Since I see GaN advertised in all sorts of USB chargers, I assume costs should be dropping at some point.
hey SiC so many uses. I even use it to grind my telescope mirrors
higher index of refraction than diamond!
Don't fight. GaN and SiC both have their domains! :P Doped diamond would be LOVELY due to its extreme thermal conductivity.
You know, I think I heard that about diamond...
agreed Thomas, SiC in all HV stuffs, LV is GaN
Oh, yes, I have a 1 inch square 1mm thick piece of synthetic diamond right here...

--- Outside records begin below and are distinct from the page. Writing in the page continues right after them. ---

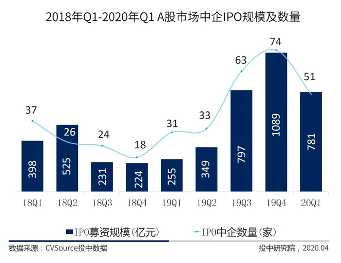 图表 3 2018年Q1-2020年Q1 A股市场中企IPO规模及数量
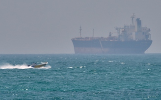 Một chiếc xuồng gần tàu chở dầu tại eo biển Hormuz ngày 18.4 ẢNH: AP
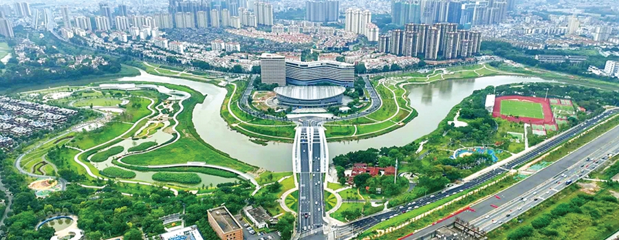 俯瞰之下,惠陽(yáng)淡水半島橋與毗鄰的惠陽(yáng)體育會(huì)展中心、格蘭云天大酒店構(gòu)成一把吉他造型。如今,環(huán)繞半島橋兩側(cè)及周邊而建的濱水公園,仿佛余音繞梁的旋律,美妙自得。
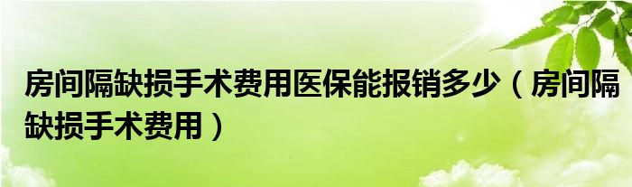 摘要大家好,知識小編來為大家解答以上的問題。房間隔缺損手術(shù)費(fèi)用醫(yī)保能報(bào)銷多少,房間隔缺損手術(shù)費(fèi)用很多人還不知道,現(xiàn)在讓我們一起來看看吧
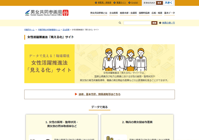 内閣府男女共同参画局 女性活躍推進法「見える化」サイト
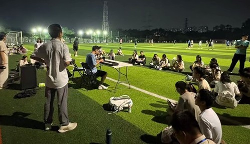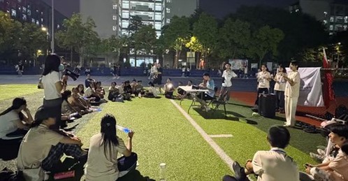 一轮明月,辉映家国同圆;一曲辞章,颂唱祖国华诞。9月29日晚,人文与法学学院师生在启林南操场开展了一场别开生面的“辞颂华诞,月圆诗圆”诗词联句主题活动。师生们以诗为媒,以词抒怀,在传统文化与人文情怀的浸润中共同庆祝中秋与国庆的到来。活动由2025级年级管理委员会主办,学院辅导员丘沐梓老师和同学们共同参与。
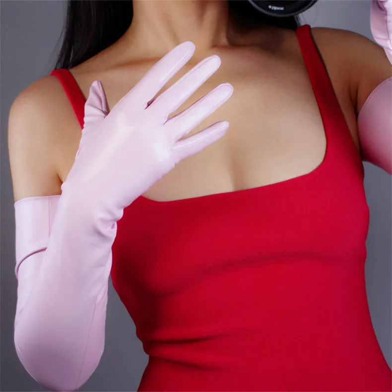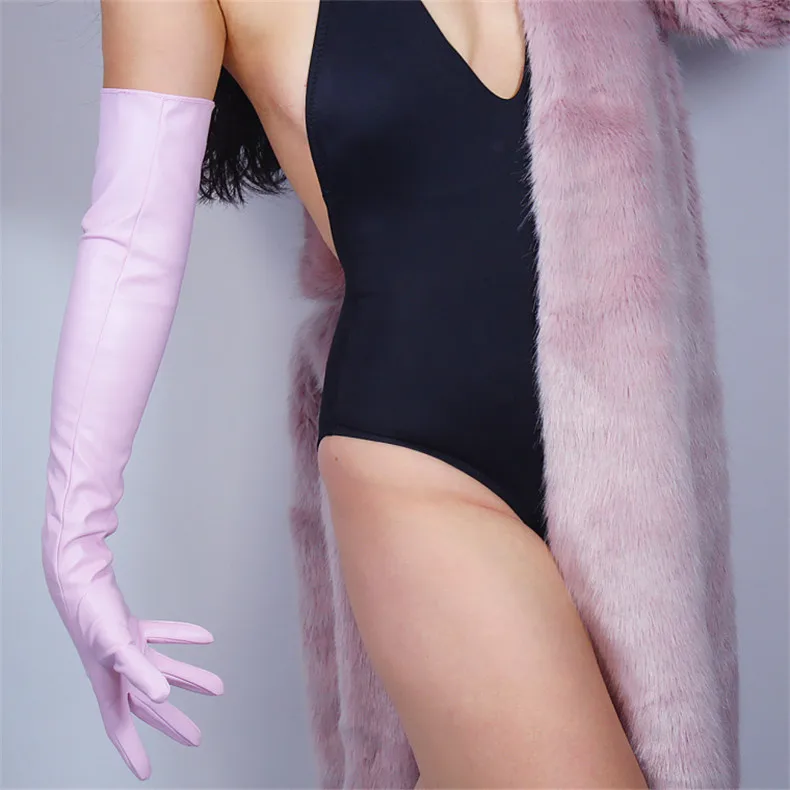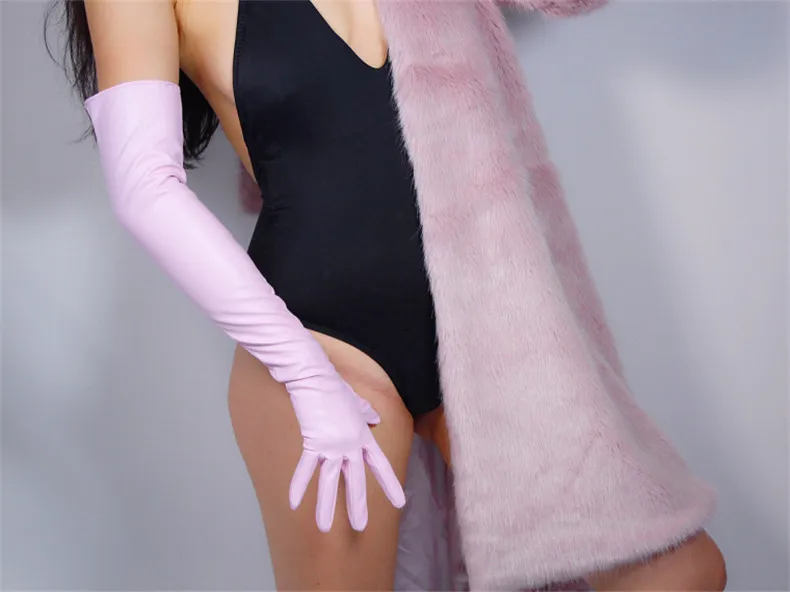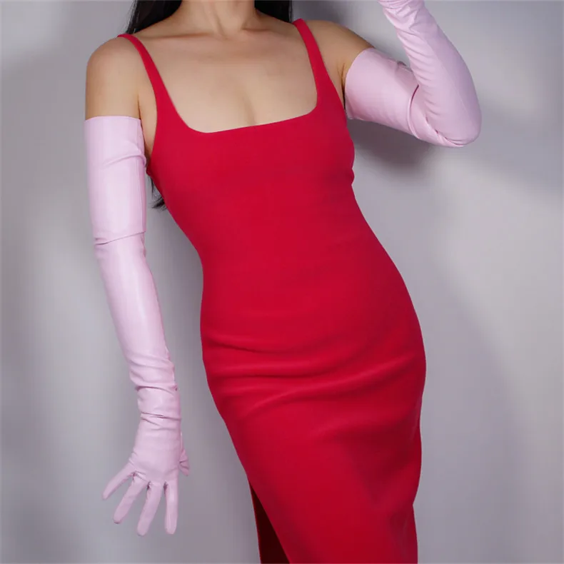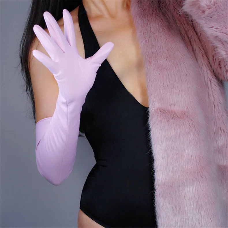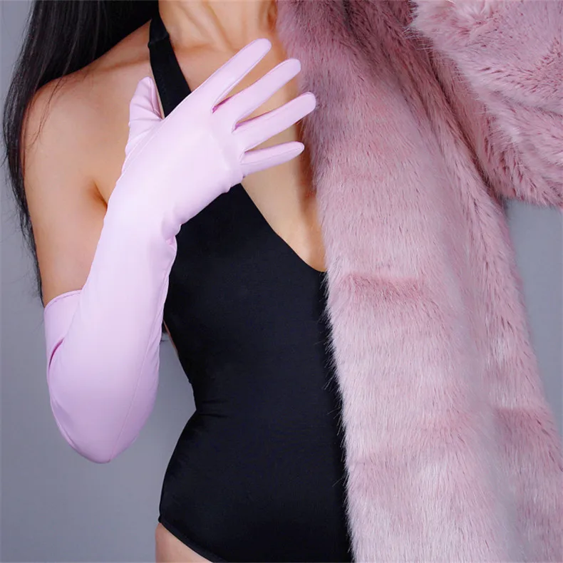 Удлиненные кожаные перчатки 70 см, длинная секция, искусственная кожа, овчина, цвет вишни светильник-розовые теплые перчатки из искусственной кожи, женские WPU70

yeah those higher bandgap/thermal conductivity stuff for the higher temps
I saw somewhere that diamond coatings could be made by electrochemistry, by high voltage electrolysis of dimethyl formamide. Or acetonitrile.
really
I will have to look that up
yep
https://www.sciencedirect.com/science/article/abs/pii/S0925963500005483
Diamond synthesis by electrolysis of acetates
A new method of electrochemical synthesis of different forms of carbon, including nanocrystalline diamond, is described. The electrolyte consists of a solution of ammonium acetate in acetic acid. The electrolysis is carried out by applying a shifted-square alternating voltage in the 10-100 Hz frequency range.
https://www.sciencedirect.com/science/article/pii/S0169433212014304
example:diamond-like carbon, hmm. I have some familiarity with that
boy who knew that diamond could be such a party killer ;)
no blood diamond!
Carbon nanotube semiconductors are the future.
so anyway when I was in grad school I worked on the electrochemistry of boron doped diamond and diamond like carbon
...thought... could blood be used as the organics-containing liquid in the coating synthesis?
...that would be seriously metal.
...and blood diamond, too.
holy cow
respect
Well, they're making synthetic diamonds out of human cremains, so that's sort of a blood diamond
only if some iron remains
although
carbon and iron have an interesting relationship
was that "cremains" intentional? That's a great word
Too much Fe in mammalian blood need to use Hemocyanin and you can generate the copper conductors at the same time.
yup. carbon dissolves in iron. hence it is not a good idea to use diamond abrasives for ferrous alloys, boron nitride is way better there.
who's the ferrous one of all?
Yes, Pretty sure it's the correct term -- at least that's what the funeral director who came to scare the hell out of us in high school religion class told us.
We should copper that.
...and molten iron is used as a solvent for carbon for one of the diamond synthesis methods.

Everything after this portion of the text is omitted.